| WORK ORDER |
This task calls for the lines below starting at the one containing "After immense success" and ending at the one containing "بولتين جوهر On", repeated exactly with both ends kept and pictures left out.

| SUPPLIED MATERIAL |
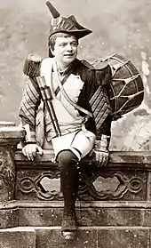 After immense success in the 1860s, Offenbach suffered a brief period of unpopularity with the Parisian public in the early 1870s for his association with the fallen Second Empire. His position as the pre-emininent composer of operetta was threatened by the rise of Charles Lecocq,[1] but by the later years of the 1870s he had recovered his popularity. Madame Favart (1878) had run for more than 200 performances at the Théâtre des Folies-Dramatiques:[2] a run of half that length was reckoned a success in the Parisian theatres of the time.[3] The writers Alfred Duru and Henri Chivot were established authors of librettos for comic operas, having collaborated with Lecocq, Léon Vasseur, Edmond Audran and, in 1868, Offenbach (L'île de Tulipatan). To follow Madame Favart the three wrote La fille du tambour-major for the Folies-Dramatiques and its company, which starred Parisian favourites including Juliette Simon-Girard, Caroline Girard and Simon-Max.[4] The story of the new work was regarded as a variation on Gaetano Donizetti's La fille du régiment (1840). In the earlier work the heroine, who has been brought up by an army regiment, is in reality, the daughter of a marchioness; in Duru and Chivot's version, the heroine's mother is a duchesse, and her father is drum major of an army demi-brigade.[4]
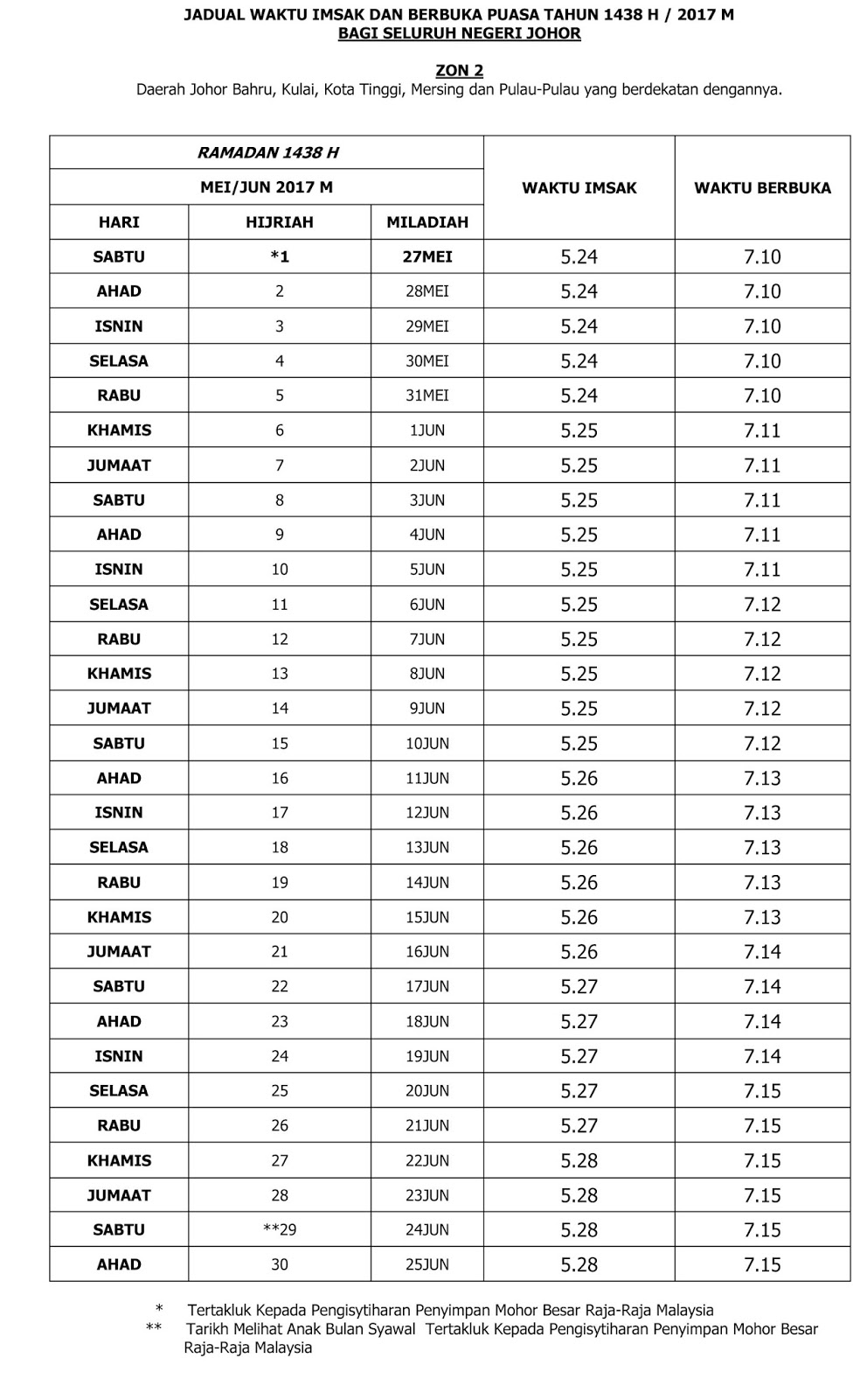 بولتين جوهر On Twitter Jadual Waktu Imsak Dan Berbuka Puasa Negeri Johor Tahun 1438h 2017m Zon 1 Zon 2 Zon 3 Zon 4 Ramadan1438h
==
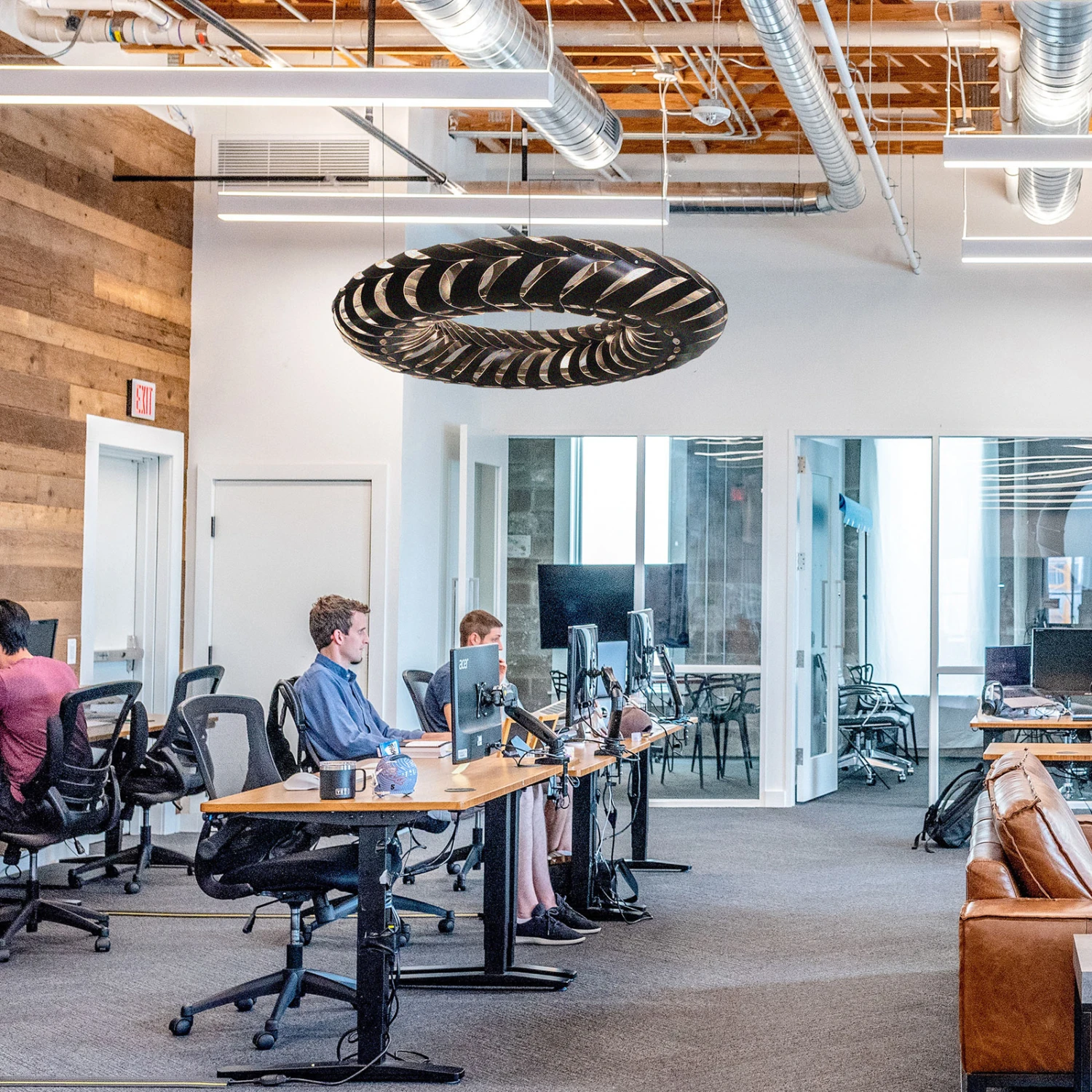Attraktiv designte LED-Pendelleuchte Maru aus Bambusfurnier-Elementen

| EXPECTED ANSWER |
 After immense success in the 1860s, Offenbach suffered a brief period of unpopularity with the Parisian public in the early 1870s for his association with the fallen Second Empire. His position as the pre-emininent composer of operetta was threatened by the rise of Charles Lecocq,[1] but by the later years of the 1870s he had recovered his popularity. Madame Favart (1878) had run for more than 200 performances at the Théâtre des Folies-Dramatiques:[2] a run of half that length was reckoned a success in the Parisian theatres of the time.[3] The writers Alfred Duru and Henri Chivot were established authors of librettos for comic operas, having collaborated with Lecocq, Léon Vasseur, Edmond Audran and, in 1868, Offenbach (L'île de Tulipatan). To follow Madame Favart the three wrote La fille du tambour-major for the Folies-Dramatiques and its company, which starred Parisian favourites including Juliette Simon-Girard, Caroline Girard and Simon-Max.[4] The story of the new work was regarded as a variation on Gaetano Donizetti's La fille du régiment (1840). In the earlier work the heroine, who has been brought up by an army regiment, is in reality, the daughter of a marchioness; in Duru and Chivot's version, the heroine's mother is a duchesse, and her father is drum major of an army demi-brigade.[4]
 بولتين جوهر On Twitter Jadual Waktu Imsak Dan Berbuka Puasa Negeri Johor Tahun 1438h 2017m Zon 1 Zon 2 Zon 3 Zon 4 Ramadan1438h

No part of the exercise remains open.